*** Opening Dataset entries ***

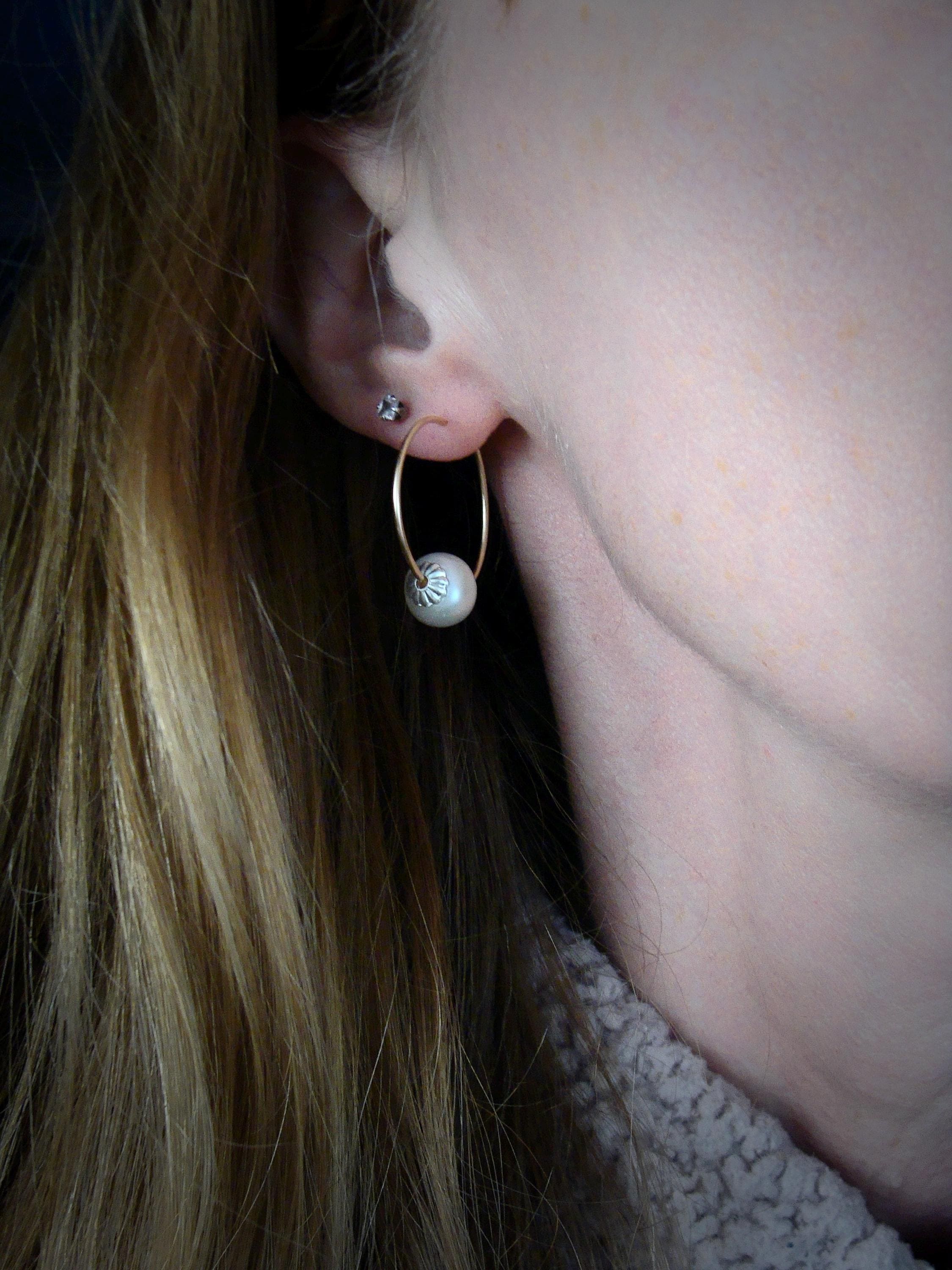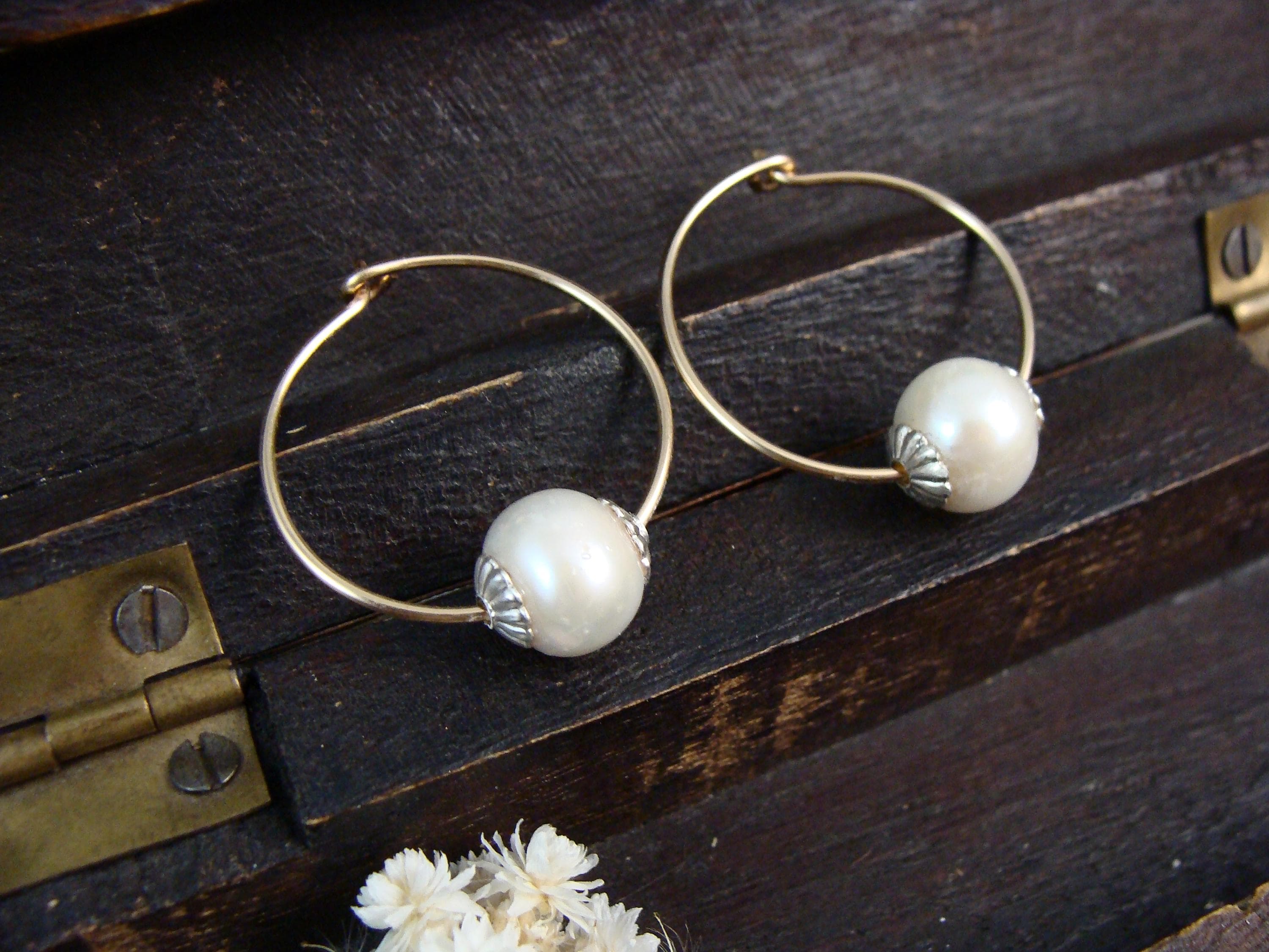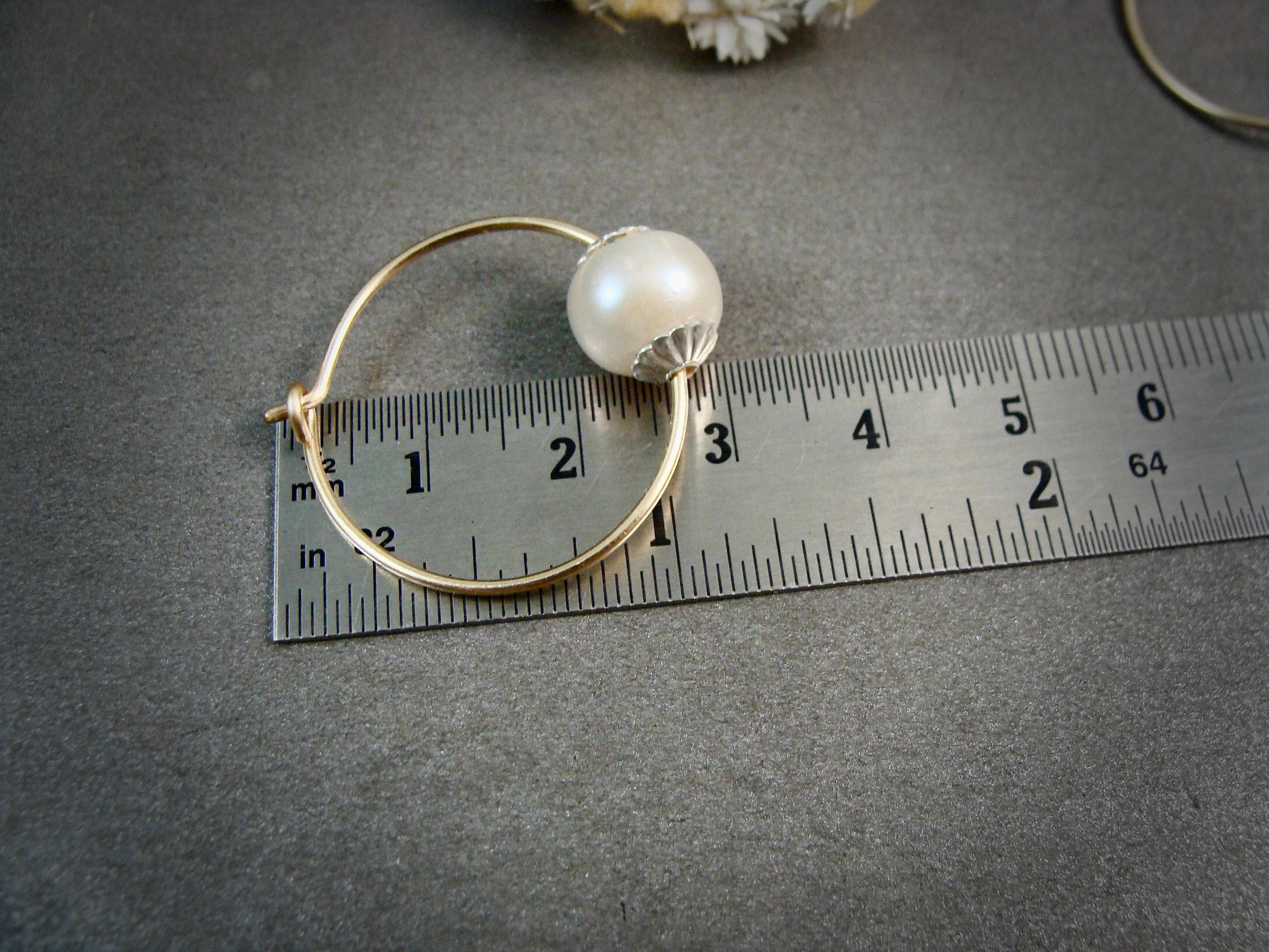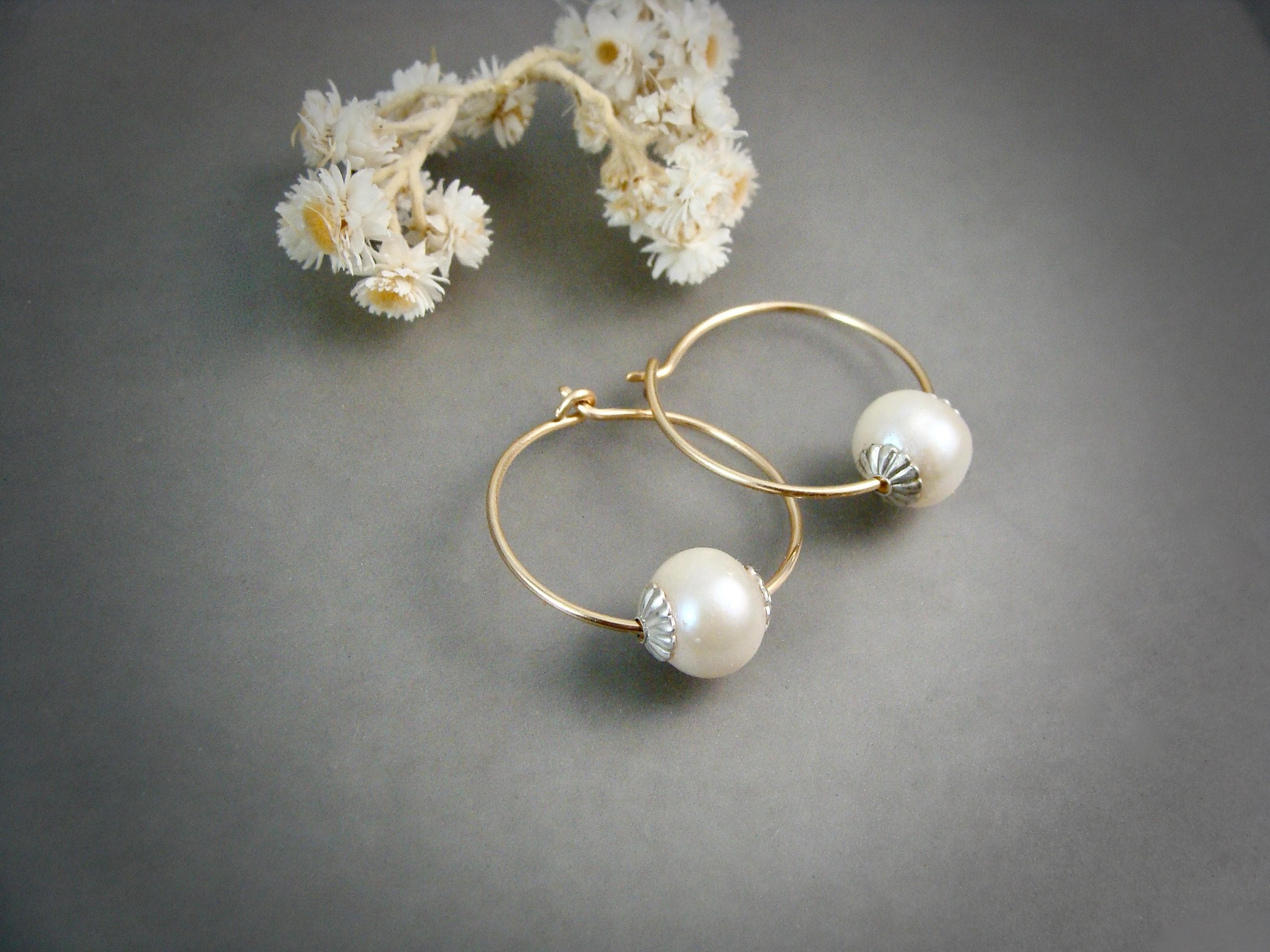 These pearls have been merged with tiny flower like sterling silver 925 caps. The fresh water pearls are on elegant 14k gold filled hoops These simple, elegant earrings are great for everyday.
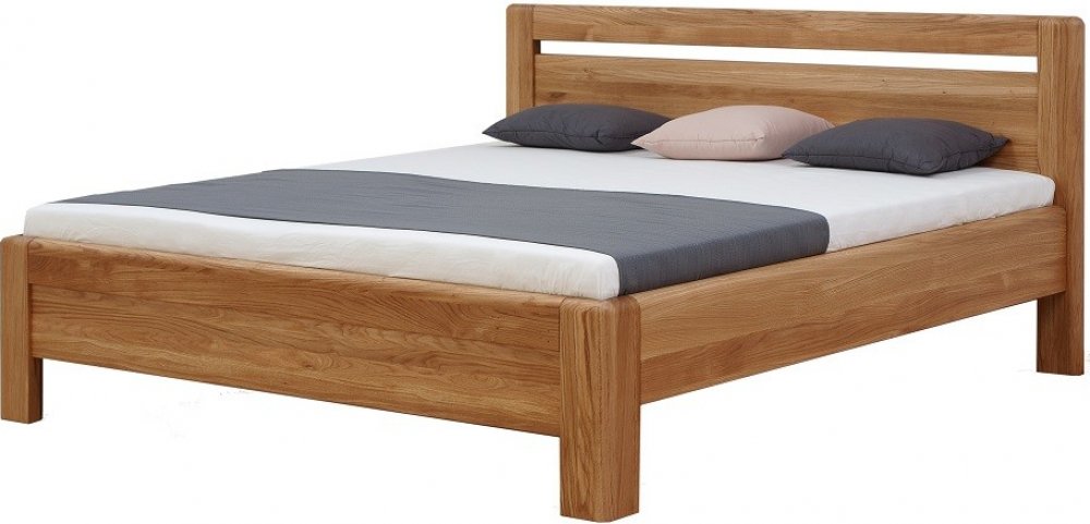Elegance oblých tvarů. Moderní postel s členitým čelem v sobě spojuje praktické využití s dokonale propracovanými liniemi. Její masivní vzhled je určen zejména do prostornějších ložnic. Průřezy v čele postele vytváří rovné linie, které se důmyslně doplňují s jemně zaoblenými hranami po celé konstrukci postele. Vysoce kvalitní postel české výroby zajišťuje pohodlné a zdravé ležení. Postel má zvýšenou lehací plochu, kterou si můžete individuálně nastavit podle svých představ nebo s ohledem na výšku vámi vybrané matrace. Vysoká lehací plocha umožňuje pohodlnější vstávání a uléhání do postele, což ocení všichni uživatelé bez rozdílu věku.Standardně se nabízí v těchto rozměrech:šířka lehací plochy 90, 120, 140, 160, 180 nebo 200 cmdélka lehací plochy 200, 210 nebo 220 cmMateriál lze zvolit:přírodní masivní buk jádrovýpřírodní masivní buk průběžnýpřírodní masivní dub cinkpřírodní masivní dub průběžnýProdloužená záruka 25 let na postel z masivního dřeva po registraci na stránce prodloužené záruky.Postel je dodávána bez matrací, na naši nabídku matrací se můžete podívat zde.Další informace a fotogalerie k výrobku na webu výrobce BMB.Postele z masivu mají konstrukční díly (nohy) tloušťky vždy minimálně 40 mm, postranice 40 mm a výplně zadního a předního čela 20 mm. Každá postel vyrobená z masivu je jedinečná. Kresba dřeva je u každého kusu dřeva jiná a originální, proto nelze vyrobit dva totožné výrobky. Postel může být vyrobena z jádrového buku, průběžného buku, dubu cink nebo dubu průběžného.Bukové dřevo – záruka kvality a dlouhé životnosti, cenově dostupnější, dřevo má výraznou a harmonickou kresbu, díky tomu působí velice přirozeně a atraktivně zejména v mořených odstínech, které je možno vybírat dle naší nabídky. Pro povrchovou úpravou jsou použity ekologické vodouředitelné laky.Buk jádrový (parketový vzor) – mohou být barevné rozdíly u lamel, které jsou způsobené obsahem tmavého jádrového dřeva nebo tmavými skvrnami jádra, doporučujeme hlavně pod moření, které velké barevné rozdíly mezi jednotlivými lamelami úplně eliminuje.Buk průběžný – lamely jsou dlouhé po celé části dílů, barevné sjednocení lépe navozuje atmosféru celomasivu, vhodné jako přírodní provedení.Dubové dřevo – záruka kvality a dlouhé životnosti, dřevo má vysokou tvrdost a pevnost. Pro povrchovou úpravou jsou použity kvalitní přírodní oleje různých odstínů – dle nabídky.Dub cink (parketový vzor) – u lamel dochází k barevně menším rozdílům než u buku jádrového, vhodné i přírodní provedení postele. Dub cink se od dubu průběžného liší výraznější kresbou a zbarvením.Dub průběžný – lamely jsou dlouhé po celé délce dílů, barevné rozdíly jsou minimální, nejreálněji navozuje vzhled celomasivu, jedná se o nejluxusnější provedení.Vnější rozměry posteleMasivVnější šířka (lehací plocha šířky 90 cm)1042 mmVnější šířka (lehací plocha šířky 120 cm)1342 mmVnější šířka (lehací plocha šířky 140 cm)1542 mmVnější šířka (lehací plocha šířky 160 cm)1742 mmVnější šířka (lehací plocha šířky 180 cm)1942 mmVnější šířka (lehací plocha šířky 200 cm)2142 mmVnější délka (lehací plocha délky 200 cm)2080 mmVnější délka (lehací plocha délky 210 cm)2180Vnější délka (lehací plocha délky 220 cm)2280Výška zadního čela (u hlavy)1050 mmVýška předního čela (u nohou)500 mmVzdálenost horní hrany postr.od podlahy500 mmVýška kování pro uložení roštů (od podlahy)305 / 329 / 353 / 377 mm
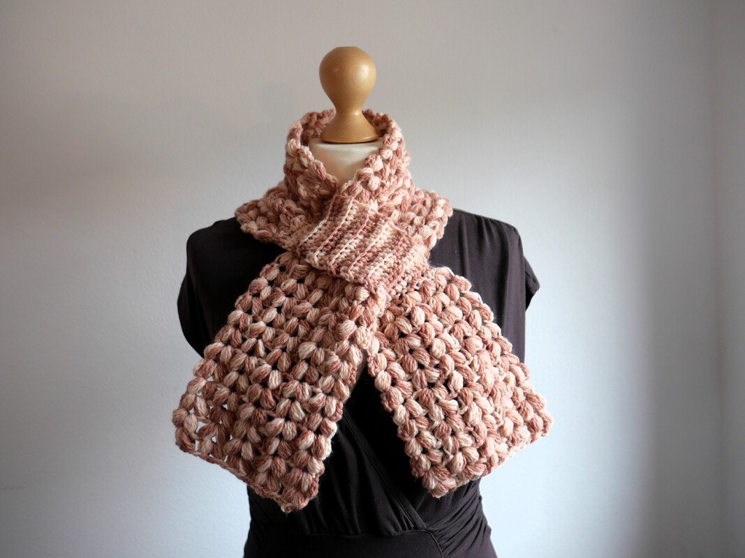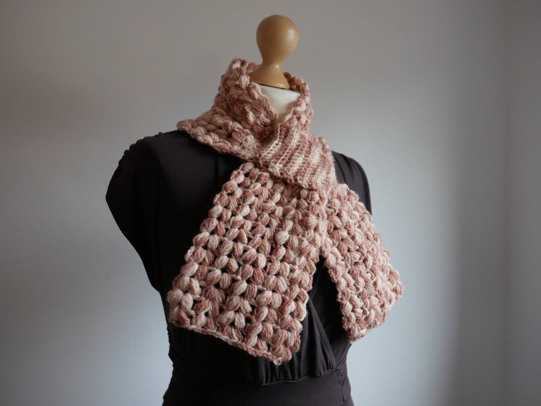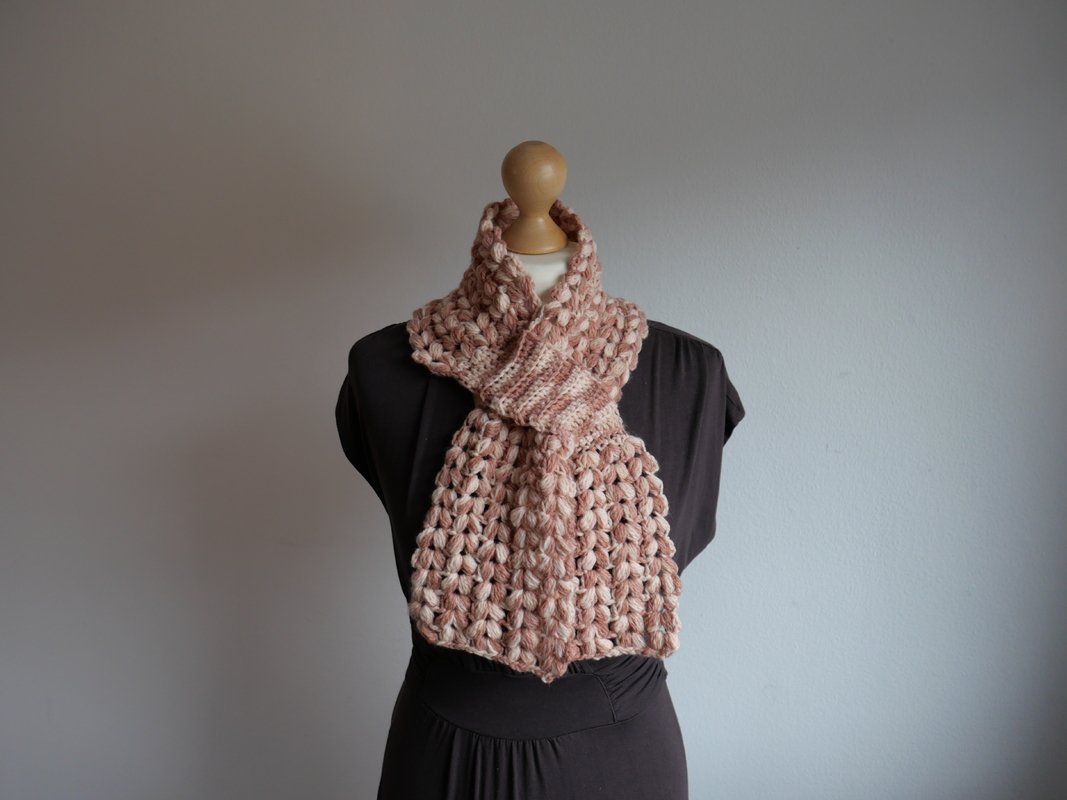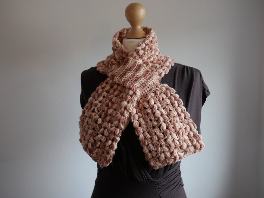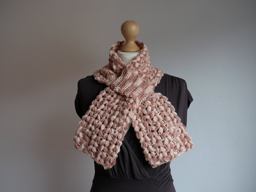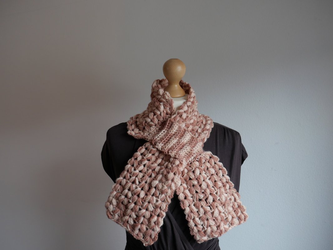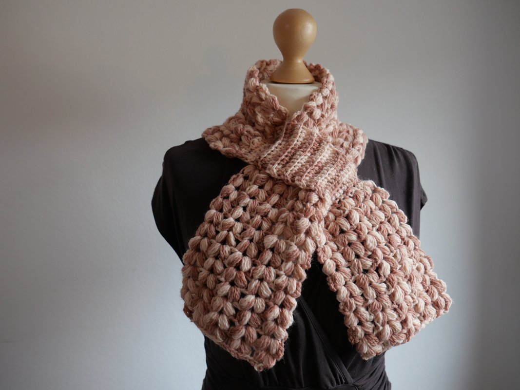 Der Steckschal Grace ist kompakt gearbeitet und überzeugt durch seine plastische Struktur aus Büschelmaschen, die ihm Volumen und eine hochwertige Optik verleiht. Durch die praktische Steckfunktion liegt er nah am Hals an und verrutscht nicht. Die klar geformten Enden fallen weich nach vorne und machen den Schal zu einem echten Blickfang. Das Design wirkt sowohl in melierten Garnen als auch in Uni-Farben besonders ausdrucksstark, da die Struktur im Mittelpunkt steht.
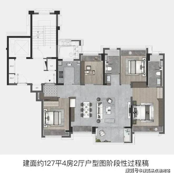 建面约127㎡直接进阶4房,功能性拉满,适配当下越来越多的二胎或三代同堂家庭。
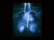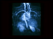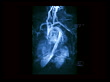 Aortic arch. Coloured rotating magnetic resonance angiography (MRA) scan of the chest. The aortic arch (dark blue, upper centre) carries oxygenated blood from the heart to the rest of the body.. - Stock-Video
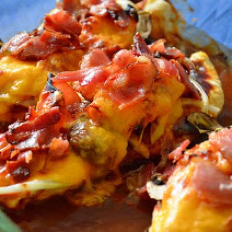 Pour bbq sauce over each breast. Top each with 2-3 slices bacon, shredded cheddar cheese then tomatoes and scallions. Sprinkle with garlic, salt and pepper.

*** Closing Dataset entries ***

### [What to work on]
Write out exactly, with no pictures, each line from the one containing "建面约127㎡直接进阶4房,功能性拉满,适配当下越来越多的二胎或三代同堂家庭。" through the last line of the listing above, both included.

### [Solution to the exercise]
 建面约127㎡直接进阶4房,功能性拉满,适配当下越来越多的二胎或三代同堂家庭。
 Aortic arch. Coloured rotating magnetic resonance angiography (MRA) scan of the chest. The aortic arch (dark blue, upper centre) carries oxygenated blood from the heart to the rest of the body.. - Stock-Video
 Pour bbq sauce over each breast. Top each with 2-3 slices bacon, shredded cheddar cheese then tomatoes and scallions. Sprinkle with garlic, salt and pepper.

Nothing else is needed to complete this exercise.